CDB had a very clear benchmark to price off given that it raised $600 million last September from a 10-year dollar deal with a coupon of 4.75%. This was trading at 77bp over Treasuries yesterday compared to 99bp over at pricing.

Bankers estimate the one-year curve is worth about 7bp and believe the new deal offers a fair pick up of 2bp.

Relative to Chexim's 4.875% July 2015 deal, CDB has come through about 3bp on a like-for-like basis. Chexim was trading around the 89bp over range late Thursday.

Despite the thrice-revised guidance the leads were still taking orders late into the book build. The book was finally closed at around $6.25 billion with 250 accounts allocated paper.

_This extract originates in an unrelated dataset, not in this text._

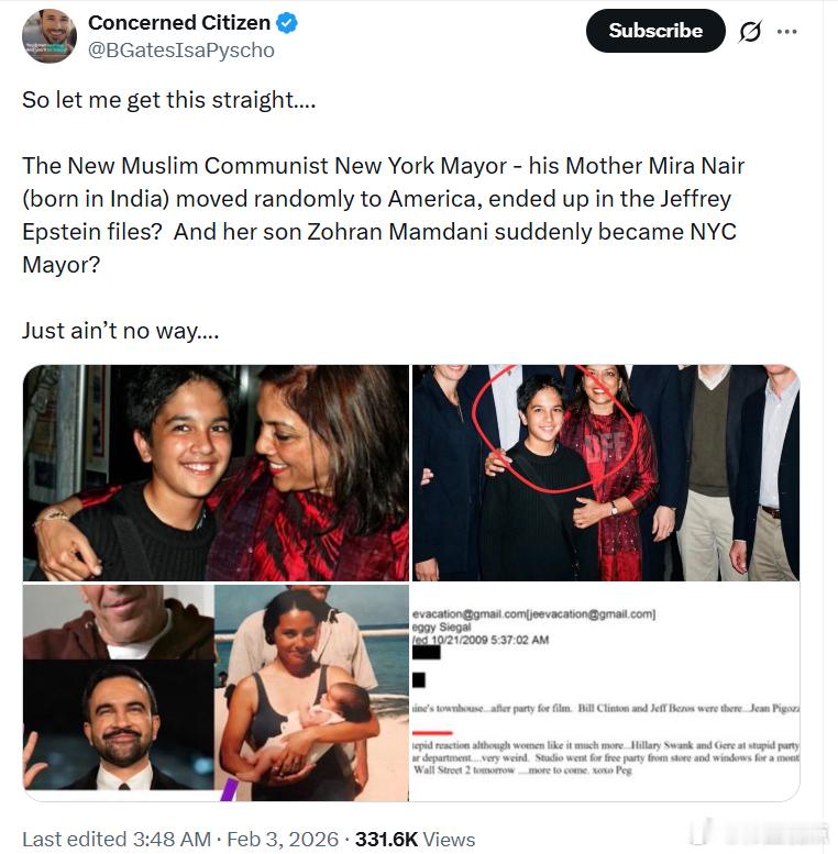 这位“穆斯林共*主*者”的纽约新市长——他的母亲米拉·奈尔(出生于印度)莫名其妙移民到美国,结果名字还出现在杰弗里·爱泼斯坦的档案里?

Around 44% were Asian based, 30% European and 26% American. In terms of investor type, banks took 52%, fund managers took 35, insurers 7%, with retail accounting for the remaining 6%.

The stability of the CDB 2014 bond in the year since launch was a said to be a strong selling point among investors where the new deal was concerned. Bankers also believe it benefited from a scarcity of quality Chinese issuance.

Within an hour of breaking syndicate in New York, the deal was said to have traded in on an 85bp to 83bp bid offer spread.

BNP Paribas and Merrill Lynch were the global coordinators on the deal.